И надо оставлять пробелы
В судьбе, а не среди бумаг,
Места и главы жизни целой
Отчеркивая на полях.

И окунаться в неизвестность,
И прятать в ней свои шаги,
Как прячется в тумане местность,
Когда в ней не видать ни зги.

Другие по живому следу
Пройдут твой путь за пядью пядь,
Но пораженья от победы
Ты сам не должен отличать.

И должен ни единой долькой
Не отступаться от лица,
Но быть живым, живым и только,
Живым и только до конца.

(Борис Пастернак, 1956)
Вот тогда я пожалел. Джули Бейкер была потрясающей. Каждый раз как я пытался извиниться перед ней в школе, Джули ускользала. А когда она показывалась во дворе – рядом с ней был всегда мой дедушка.

Dy_što_ty_havoryš

Евгений Евтушенко

Из поэмы "Мама и нейтронная бомба"


Мама,
      мне страшно не то,
                         что не будет памяти обо мне,
а то, что не будет памяти.
И будет настолько большая кровь,
что не станет памяти крови.

Во мне,
        словно семь притоков,
                              семь перекрёстных кровей:
русская -
          словно Непрядва,
                           не прядающая пугливо,
где камыши растут
                  сквозь разрубленные шеломы;
белорусская -
              горькая от пепла сожжённой Хатыни;
украинская -
             с привкусом пороха,
                                 смоченного горилкой,
который запорожцы
                  клали себе на раны;
польская -
           будто алая нитка из кунтуша Костюшки;
латышская -
            словно капли расплавленного воска,
падающие с поминальных свечей над могилами в Риге;
татарская -
            ставшая последними чернилами Джалиля
на осклизлых стенах набитого призраками Моабита,
а ещё полтора литра
                    грузинской крови,
перелитой в меня в тбилисской больнице
                                       из вены жены таксиста -
по непроверенным слухам,
                         дальней родственницы
                                              Великого Моурави.
Анна Васильевна Плотникова,
                            мать моего отца,
фельдшерица, в роду которой
                            был романист Данилевский,
работала с беспризорниками
                           и гладила по голове
рукой постаревшей народницы,
                             возможно, Сашу Матросова.
Рудольф Вильгельмович Гангнус,
                               отец моего отца,
латыш-математик,
                 соавтор учебника «Гурвиц - Гангнус»,
носил золотое пенсне,
                      но строго всегда говорил,
что учатся по-настоящему
                         только на медные деньги.
Дедушка голоса не повышал никогда.
В тридцать седьмом
                   на него
                           повысили голос,
но, говорят,
             он ответил спокойно,
голоса собственного не повышая:
«Да,
     я работаю в пользу Латвии.
Тяжкое преступление для латыша...
Мои связи в Латвии?
                    Пожалуйста - Райнис...
Запишите по буквам:
                    Россия,
                            Америка,
                                     Йошкар-Ола,
                                                 Никарагуа,
                                                            Италия,
                                                                    Сенегал...»
Единственное, что объяснила мама:
«Дедушка уехал.
                Он преподаёт
в очень далёкой северной школе».
И я спросил:
             «А нельзя прокатиться к дедушке на оленях?»

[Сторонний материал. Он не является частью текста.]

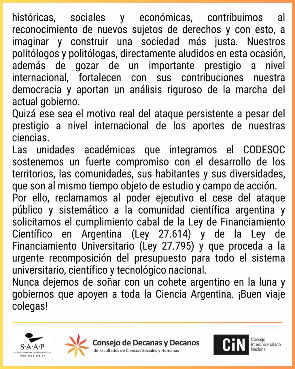 El Consejo de Decanas y Decanos de Facultades de Ciencias Sociales y Humanas (CODESOC), junto a la Sociedad Argentina de Análisis Político (SAAP) y el Consejo Interuniversitario Nacional (CIN), rechazaron el comunicado 129 de la Oficina del Presidente emitido el pasado 16 de enero de 2026.

До войны я носил фамилию Гангнус.
На станции Зима
                учительница физкультуры
с младенчески ясными спортивными глазами,
с белыми бровями
и белой щетиной на розовых гладких щеках,
похожая на переодетого женщиной хряка,
сказала Карякину,
                  моему соседу по парте:
«Как можешь ты с Гангнусом этим дружить,
пока другие гнусавые гансы
стреляют на фронте в отца твоего?!»
Я, рыдая, пришёл домой и спросил:
«Бабушка,
          разве я немец?»
Бабушка,
         урождённая пани Байковска,
ответила «нет»,
                но взяла свою скалку,
осыпанную мукой от пельменей,
и ринулась в кабинет физкультуры,
откуда,
        как мне потом рассказали,
слышался тонкий учительшин писк
и бабушкин бас:
                «Пся крев,
                           ну а если б он даже был немцем?
Бетховен, по-твоему, кто - узбек?!»
Но с тех пор появилась в метриках у меня
фамилия моего белорусского деда.
Под синим небом белорусским Познал я радость и беду. Я — белорус, а значит — русский, Таким и в небо я уйду.

Dy_što_ty_havoryš

Роберт Бёрнс

Шатландская слава


Мой слаўны, мой шатландскі край, -
Нагор'і і лагчыны,
Забудзь пра славу, забывай
Само імя - айчына!

Дзе ў верасах і Старк, і Твід
Да мора коцяць хвалі,
Там сёння гаспадарыць брыт,
Купцы запанавалі.

Знайшлі братоў, апекуны,
А хто ж забыцца зможа,
Што ваш злачынны меч вайны
Суседзяў век трывожыў?

Хто б верыў, што надыдзе час
І вольны край загіне,
Што здрада чорная ўсіх нас
За грошы ў яму кіне!

А колькі ж раз - і не пытай -
Мы іх, драпежных, білі!
І вось - за стэрлінгі наш край
Брытанцы прыкупілі.

Шатландыя, снягоў абрус,
Чаму я ў ратным полі
Не згінуў за цябе, як Брус,
Як сын твой верны Уолес?

Пакуль не ўмосцяць у труну
Мой труп праз леты, зімы,
Я праклінаў вас і кляну,
Прадажнікі радзімы!

Пераклад Язэпа Семяжона
Под синим небом белорусским Познал я радость и беду. Я — белорус, а значит — русский, Таким и в небо я уйду.

Herobrine

Dy_što_ty_havoryš, мне нравятся эти стихи, not bad.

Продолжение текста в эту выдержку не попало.